Wear eye protection. A full face sheld is even better. I had a few pens blow up on me when I first started and it still happens from time to time, but the funny thing is, it's not that big a deal. I think the secret is to never get too comfortable, always keep a little fear.


----------



## yost69 (May 5, 2010)

As wolftat stated. You dont have to fear it but never lose respect for it. 

I got a little to comfortable with mine and was drilling a blank out by hand, which I have done several times with no problems. Had the drill bit chucked up in the live center and was pressing the blank on with my hand. The bit went off center and poked through the side it hit my hand so on instinct I let go. When I did the wobble of the blank broke the bit and the whole contraption came up and hit me in the eye (wasnt wearing safety glasses). Thought for sure I lost it buy turns out the only effect it had was when I look up I see a big black spot out of that eye.  All this took place in about 1/2 a second.

Anyway always wear your protection at all times.

Ben


----------



## CaptG (May 5, 2010)

Welcome from Michigan.  Keep on practicing and you will get comfortable with your machine.


----------



## Smitty37 (May 6, 2010)

*Fear.....*

Welcome to IAP. Speaking as one who nearly lost 3 fingers to a table saw about three years ago (that's why I took up pen turning) I will tell you ..... stay afraid and use that fear to remind you to keep your fingers out of fast moving machines...they can bite.  I'm not experienced enough to know for sure but I would think that perhaps flying chips (especially when a blank "blows" up on you) and catching a polishing cloth in the rotating  lathe are the two most physically dangerous things to care about....for me though the biggest danger and the easiest to forget is breathing the sanding dust...

Don't give it up though....it is entirely too satisfying to look at a nice pen and think "Wow!
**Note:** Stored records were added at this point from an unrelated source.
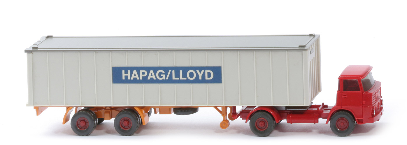 | Zugmaschine | Kabine oben | rot | Kabine unten | rot | Verglasung | getönt | Chassistyp | alt | Zughaken | mit | Fläche hinter Sattelpfanne | geriffelt | Chassisfarbe | rot | Sattelpfanne | neu, für dünnen Bolzen | Reserverad | flach hinter Kabine | Räder | 12mm, Profil fein | Felgen | hellbraunrot | | Container | Art | 1 x 40 ft, gerippt | Dach | betongrau | Korpus | perlweiß | Türen | perlweiß | Unterkante | schmal | Beschriftung | Hapag-Lloyd (s. Foto) | Beschriftung Grösse | 7 Felder, Papieraufkleber | | Auflieger | Farbe | gelborange (Werbe) | Unterfahrschutz | ohne | Königsbolzen | dünn | Räder | 12mm, Profil fein | Felgen | hellbraunrot |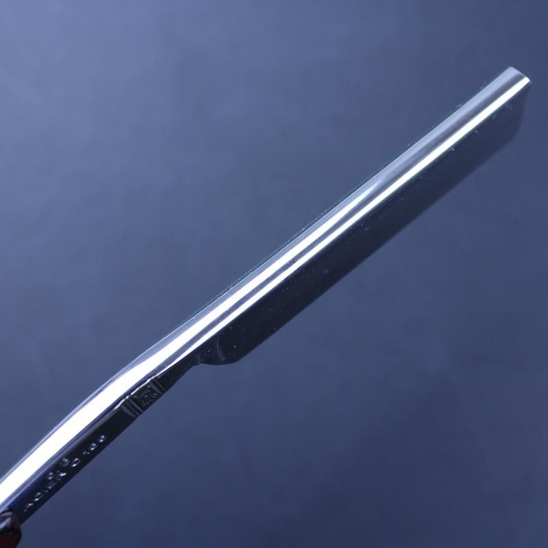 New for us, this Thiers Issard razor combines the “Evide Sonnant Extra” marking on a satin polished blade with gorgeous red stamina scales to provide a very elegant razor. Has anti-slip jimping to the underside of the tang. Supplied in a simple black sheep leather pouch. N.B. As with all natural materials the colouring and patterning will vary from one razor to another.
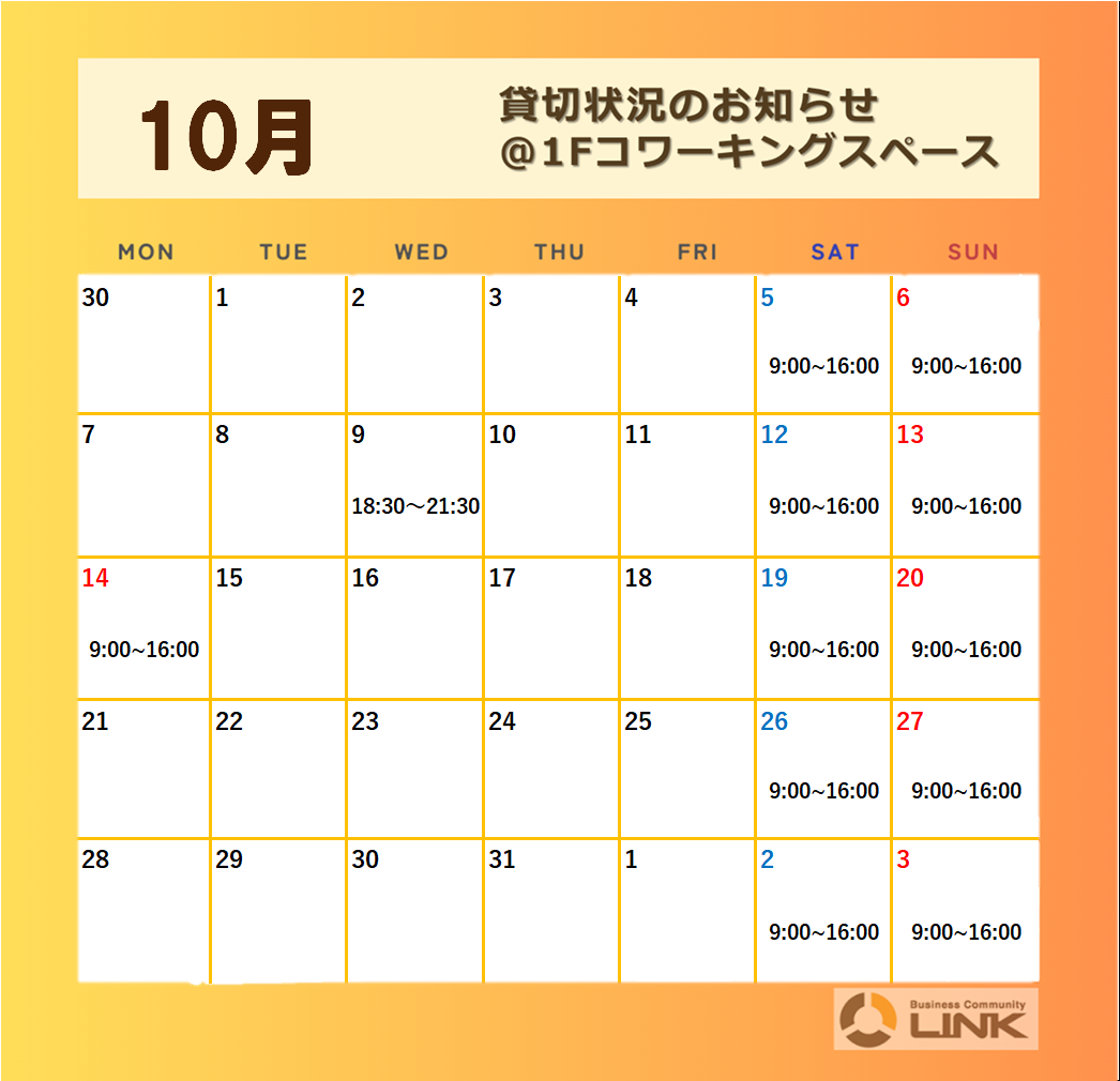 【1Fコワーキングスペース貸切状況のお知らせ📣】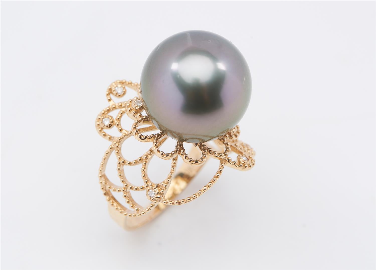 A TAHITIAN PEARL AND DIAMOND RING IN 18CT GOLD, CENTRALLY SET WITH A ROUND PEARL OF DARK GREY HUES MEASURING 14.3MM, WITHIN A PIERCED SURROUND DETAILED WITH DIAMONDS, SIZE L-M, 7.5GMS

I made that."


----------



## Chris Bar (May 6, 2010)

Buy a simple 3/4 inch roughing gouge, learn how to sharpen it properly and use just this gouge until you are comfortable. Read, read, read about the angle at which you present the tool to the blank. Learn the right way, hang onto the gouge (*don't get lax or too comfy...i.e., oh, gee this is so easy!!!!*), and you should be safe . A sharp gouge can cut such a smooth finish that sanding will not be necessary. 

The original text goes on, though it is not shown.